User: Alexa, launch foehammer
Alexa: Welcome back what would you like to do?
User: Smash my foe
Alexa: You smash your foe right -- <INTERRUPTED BY BARGE-IN>
User: Alexa, smash my foe again...
These two interactions will trigger the exact same intents, with the same slots, in the exact same order. From the skill's server side, they are functionally identical. Semantically, though, these are not the same. In the second scenario, the user never actually heard the prompt about befriending their foe, and therefore they do not know that it's even an option. The problem, though, is that it's important to the skill that the user receives this information, but there's no way to confirm that the user did indeed get the message.
This is one face of a broader class of problems summed up as: "The skill thinks the user knows something that the user does not actually know". A much more common case of this problem occurs when, for example, a user doesn't use a skill for a long period of time and then returns.
But today we're talking about barge-in, and what we can do to solve the problem of barge-in preventing users from hearing important information.
The easy solution
The voice assistant provider absolutely knows whether or not an intent started with a barge-in or via a user waiting until the microphone was opened normally. They just don't pass that information along today. Ideally, each intent in a live session (note that this problem does not apply to one-shot invocations) would have a simple boolean attribute in the request payload saying whether the response output was completed. You could theoretically take it further and ask for a timestamp or the part of the response where the barge-in happened, but the single flag really solves the 90% case.
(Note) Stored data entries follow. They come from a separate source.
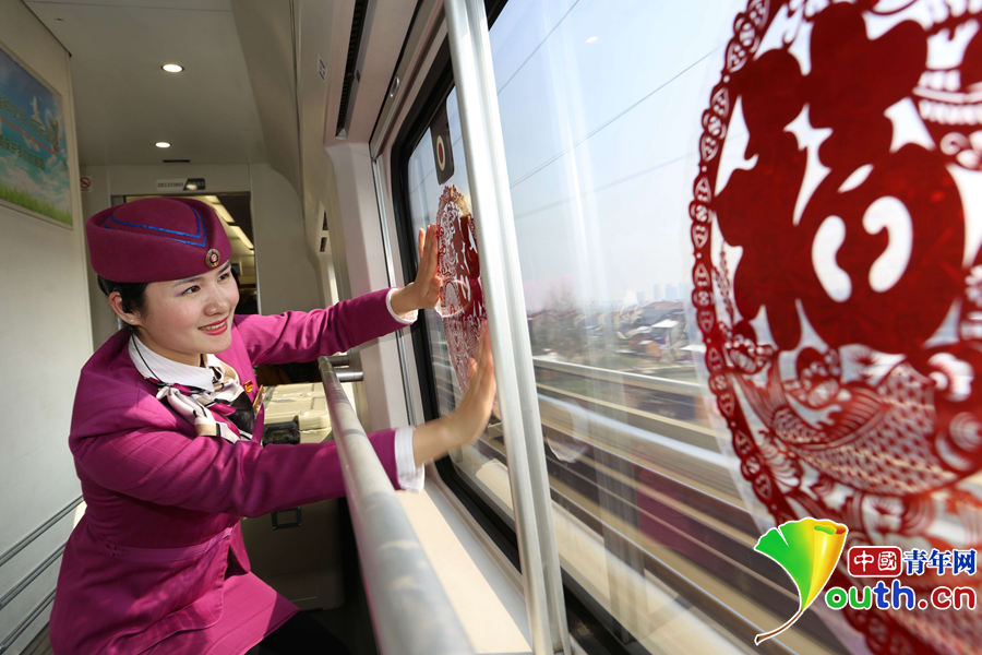 中国青年网北京2月4日电(记者 张炎良 通讯员 包亮)新春佳节临近,为使旅客春运回家之路更加温馨愉悦,成都铁路局重庆客运段动车乘务员们在车厢内挂上灯笼、贴上窗花,将狭小车厢布置得年味十足,让年味温暖每一位旅客归心似箭的旅客。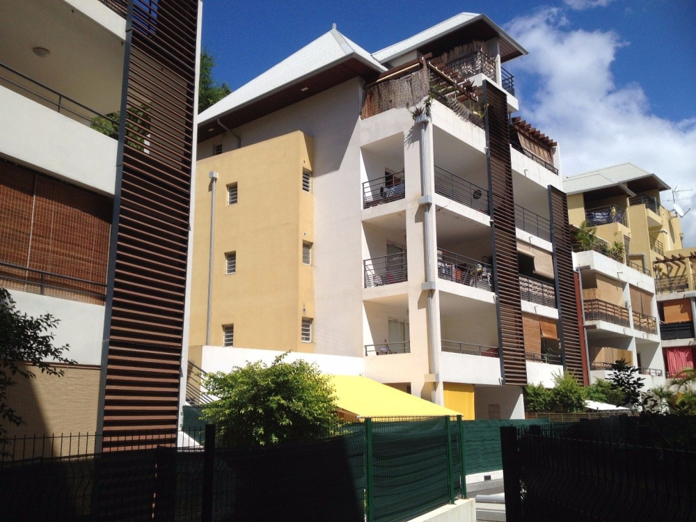 SAINT-DENIS, Bas de la Rivière - Résidence Les Marquises, 105 rue de la République - Appartement de type F2 au 3ème étage avec ascenseur, d'une superficie habitable de 50,5m² + 14,1m² de varangue, comprenant: 1 séjour, 1 cuisine aménagée et équipée, 1 chambre climatisée avec placard, 1 salle d'eau avec wc, 1 parking sous sol.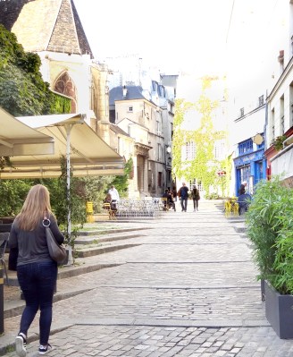 Rue Mouffetard has medieval roots, but it goes back farther to Gallo-Roman times, when it continued southward toward Italy and ultimately, Rome. It’s more ancient yet: the Romans lay stones along a Neolithic lane. Thousands of years later, here we are:
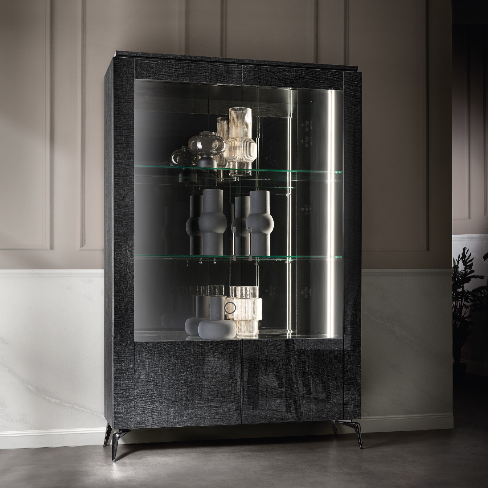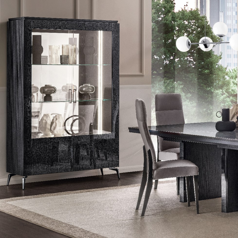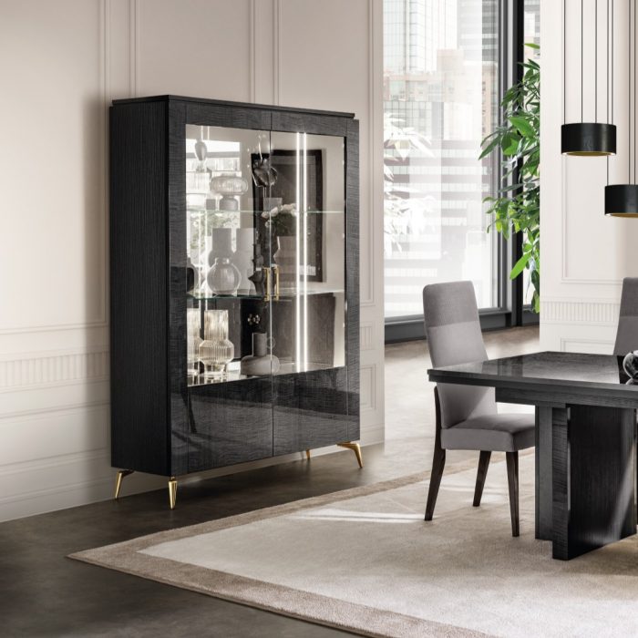 Austera e raffinata, la vetrina a un’anta in vetro Meridiana esprime tutto il carattere luxury di Adora. L’effetto lucido della finitura Sycamore è amplificato dalla barra LED che illumina l’interno con i vetri specchiati.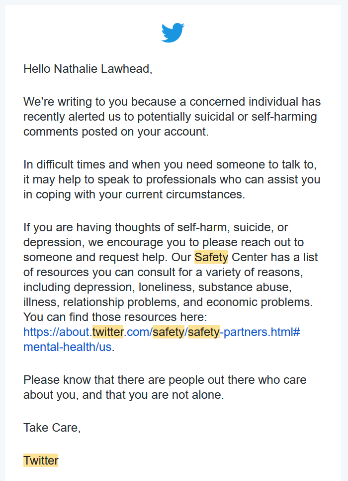 I can’t count the times I’ve been called “manipulative” for sharing how much I want to die because of what happened to me. I can’t really safely talk about it without having my social media reported for self-harm. It helps to talk about it, but I know I can’t without consequence.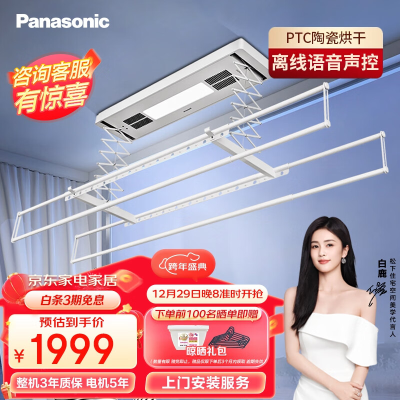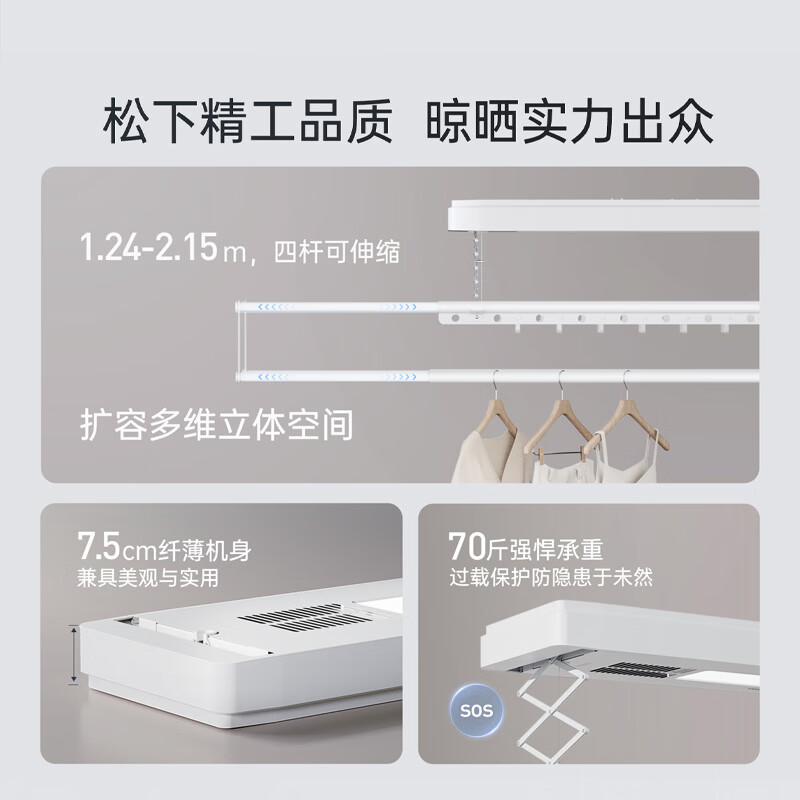 松下(Panasonic)电动智能烘干风干语音超薄嵌入式隐形藏晾衣架LED照明声控晒杆机价格:2279.00元!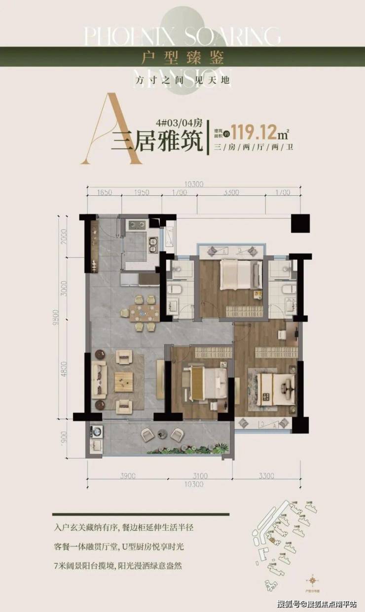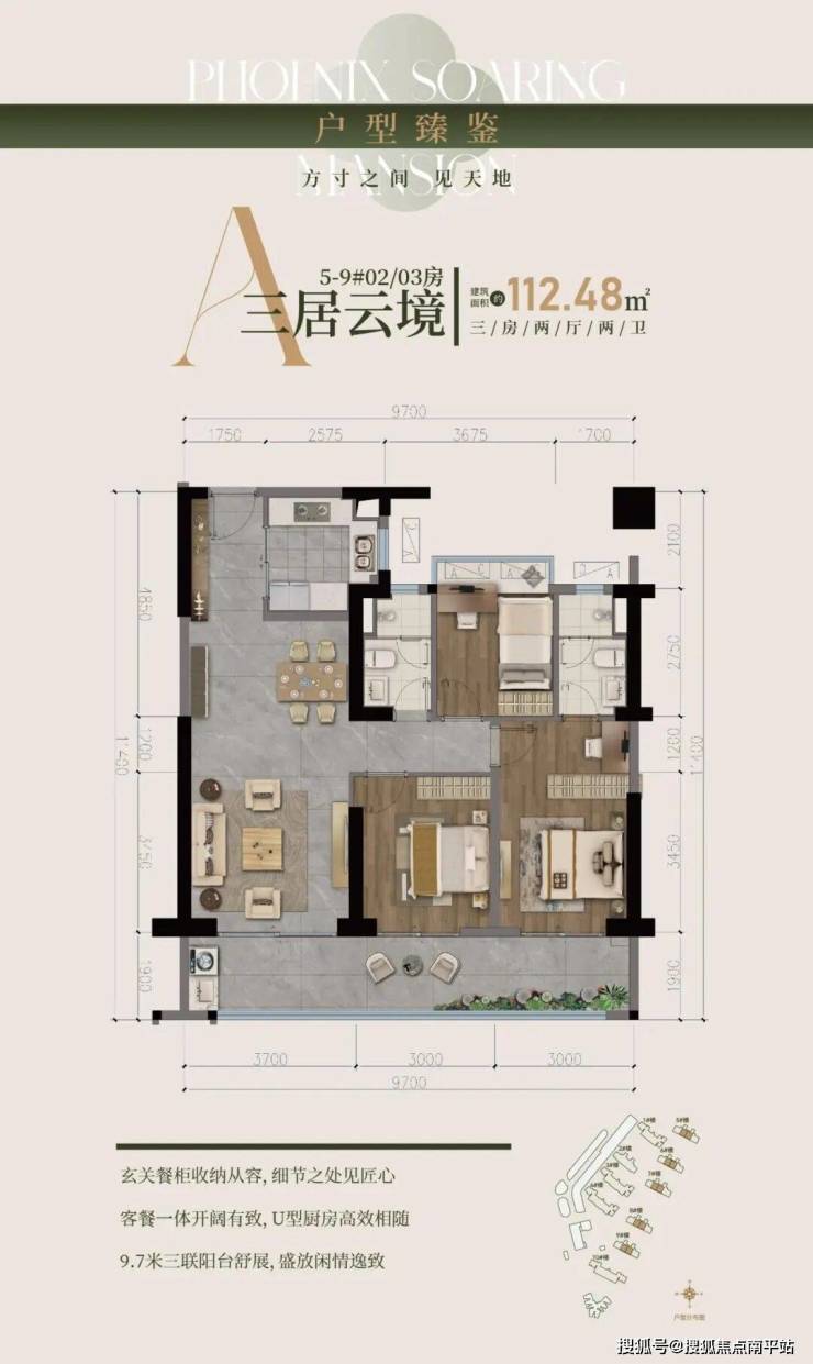 112㎡全能三房:高效利用空间,功能齐全。约9.7米观景阳台,U型厨房与明卫配置,在有限面积内实现舒适生活。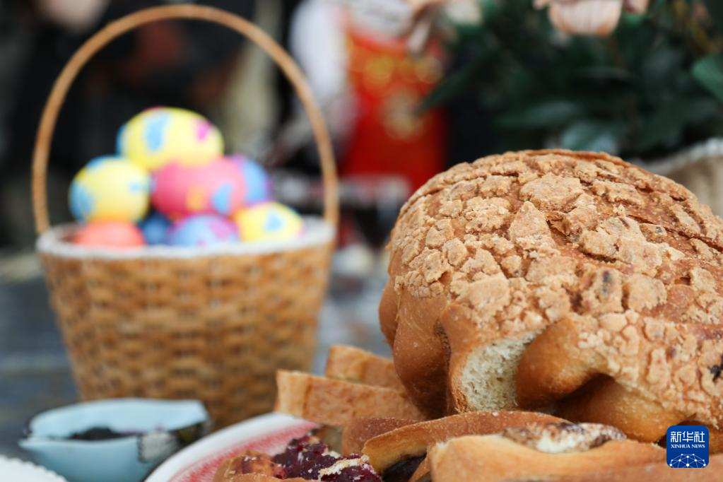 4月16日拍摄的当地群众为迎接巴斯克节准备的美食和彩蛋。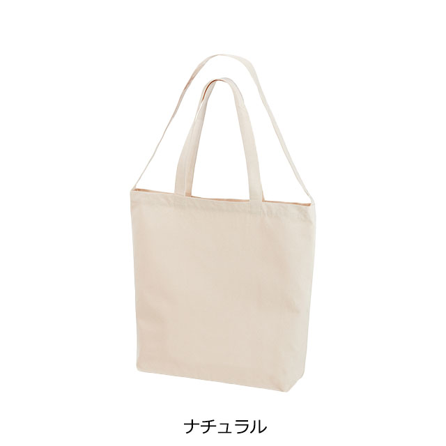 8.3オンスのやや厚みのあるコットン生地を使用した、船底型バッグです。容量は約16リットルの大きめサイズ。衣類や雑貨、まとめ買いした荷物もしっかり収納できます。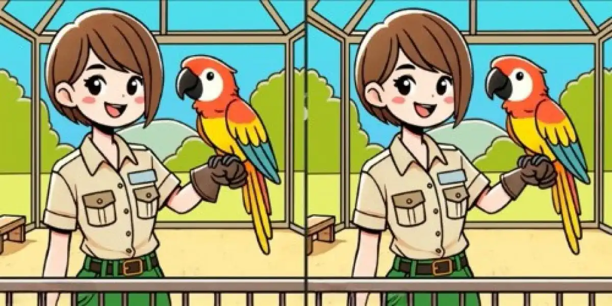 Foran dig er to næsten identiske billeder af en pige med en papegøje. Din udfordring er at finde de tre små forskelle mellem dem på kun 17 sekunder. Nøglen til succes er at scanne billederne systematisk og ikke lade dig narre af det overordnede, velkendte mønster.
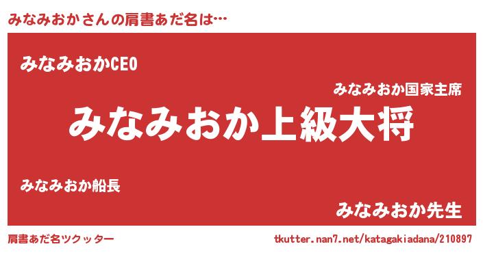 | 胡散臭い通販商品みたいなあだ名 | 『億万長者になれる霊験あらたかなお札…その名も「みなみおか」』 |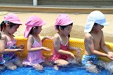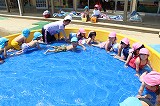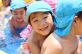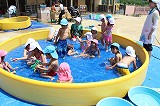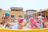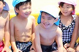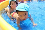 季節の変わり目、天候の変わり易い毎日ですが,良い天候の日には、園庭のプールで楽しんでいます♪ みんな水遊びが大好きですね!
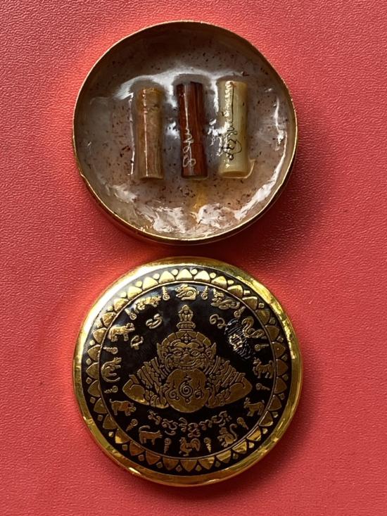 เคาะเดียวแดง สีผึ้งพระราหู รุ่น มงคลจักรวาล เนื้อ โลหะชุบทองลงยาสีดำขอบสีดำ ขนาด 5ซม |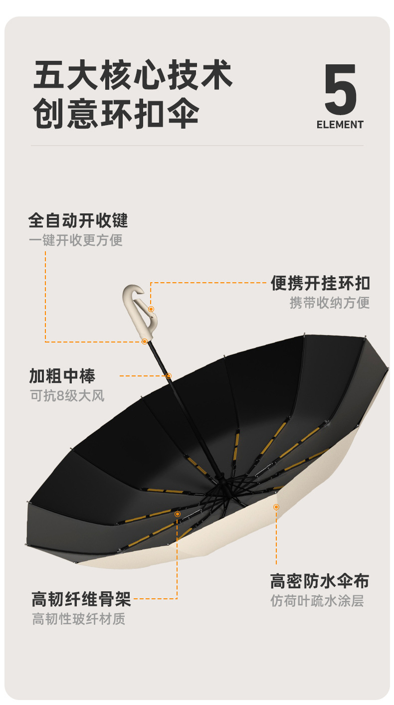 > 12骨环扣全自动开收伞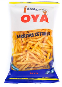 Aperitivo elaborado con Harina y fécula de patata (70%), aceite de girasol alto oleico, aroma con sabor a ketchup, dextrosa, sal, potenciadores del sabor (E-621, E-635), tomate en polvo, azúcar, cebolla en polvo, pimentón, antioxidante (E-300), colorantes (E-160b, E-160c) y estabilizante (E-414)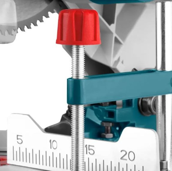 تیغه ارهی الماسه TCG؛ قطر صفحهی برش 255 میلیمتر که امکان برش MDF در ابعاد و زوایای زیر را فراهم میکند: 140×70 میلیمتر در زاویه صفر بر 90 درجه؛ 100×70 میلیمتر در زاویه 45 بر 90 درجه، 140×42 میلیمتر در زاویه صفر بر 45 درجه و 100×42 میلیمتردر زاویه 45 بر 45 درجه؛ قابلیت انجام برش زاویهدار از دو موضع کفی و بازویی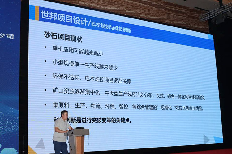 此次會議還邀請了業(yè)內(nèi)知名專家學(xué)者、企業(yè)精英作專題報告。20日下午,作為特邀嘉賓,世邦集團技術(shù)經(jīng)理張培林先生在會上作了《目前砂石行業(yè)形勢下利用科技創(chuàng)新和科學(xué)規(guī)劃的技術(shù)應(yīng)用分享》主題報告。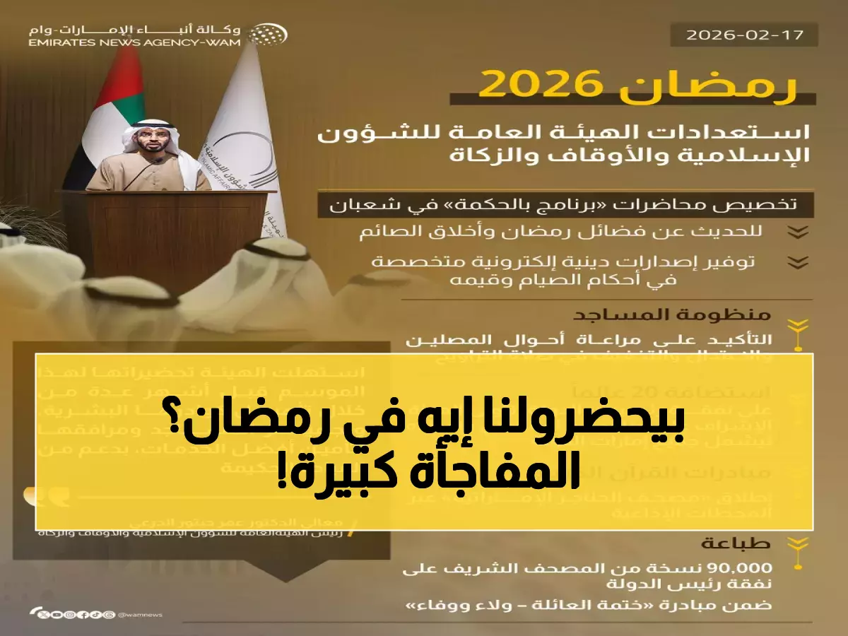 476 مليون درهم في عام واحد - رقم قياسي حققته هيئة الشؤون الإسلامية الإماراتية، فيما تكشف عن خطة رمضانية استثنائية تضم 6000 ختمة قرآنية تُهدى لحكام الإمارات المؤسسين ومشاركة 20 عالماً من 12 دولة على نفقة رئيس الدولة.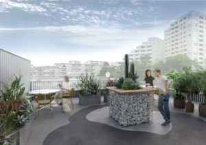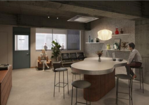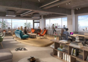 このエリアのシェアオフィス、ラウンジ、ルーフトップ、会議室、フォンブースが設置済み。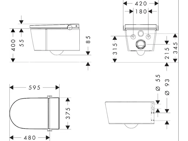 Hansgrohe LavaPura Element S - Elektronický bidet s keramikou, SoftClose, AquaHelix Flush, HygieneEffect, SmartClean, bílá 63021450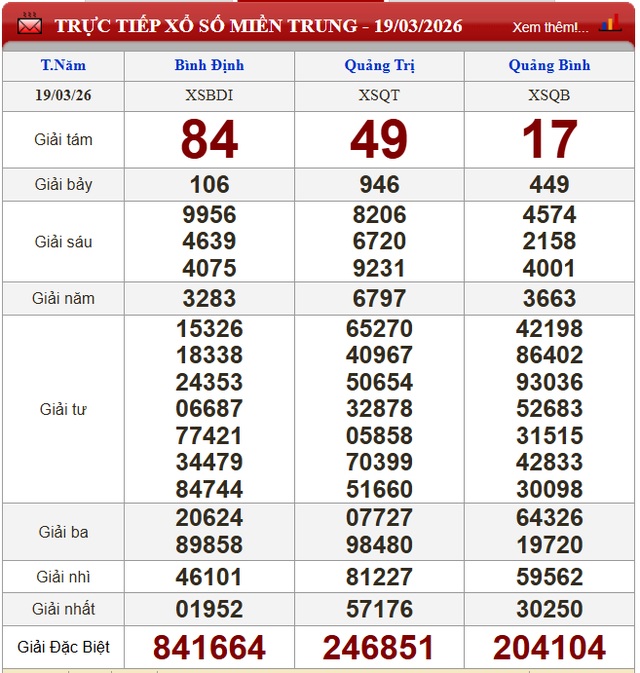 Kết quả xổ số miền Trung (XSMT) hôm nay ngày 19/3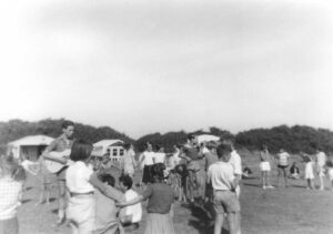 Verjaardag moeder de Wit. Feest op veld 2. In het midden staat Marianne van der Hoeven.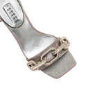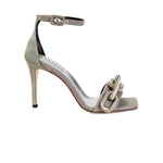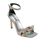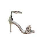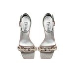 The Catena High Ankle Sandal’s provide a subtle and chic look. The shiny glitter body goes harmoniously with the antique silver, creating an elegant refinement. The antique silver chain embroidery brings luminosity with contrast to the shoe. It’s ninety millimeter heel offers just the right amount of lift providing comfort and delicacy.

But, at least on the Alexa side, we don't have that today, so lets talk about a few things the dev community has been thinking about in its absence.
If you know the minimum length of time it takes to play the TTS content for a given intent, you could record the request timestamp and save it in user session. Then check on the next request, to see if diff was less than that (ie "barge in") & then you could mark it for replay.
— Mark Tucker (@marktucker) May 31, 2020
Playing the timing game
"If the next response in this session occurs at or earlier than current time + T, then the response occurred by means of a barge-in"
Realistically, you can probably stretch it even a little further with a high level of confidence by having a good sense of what the minimum overhead for a request-response cycle is. But what you definitely cannot do is make the opposite statement:
"If the next response in the session occurs later than current time + T, then the response did not occur by means of a barge-in"
The reason here is that response time is an aggregate of many variables, and there are any number of combinations that might get you to a larger-than-T response time. Lets enumerate:
- Different users have different internet speeds, which may result in different amounts of time for the audio to stream. This happens both in terms of the rendered audio going to the user, as well as the gathered audio going back up to Alexa's ASR engine.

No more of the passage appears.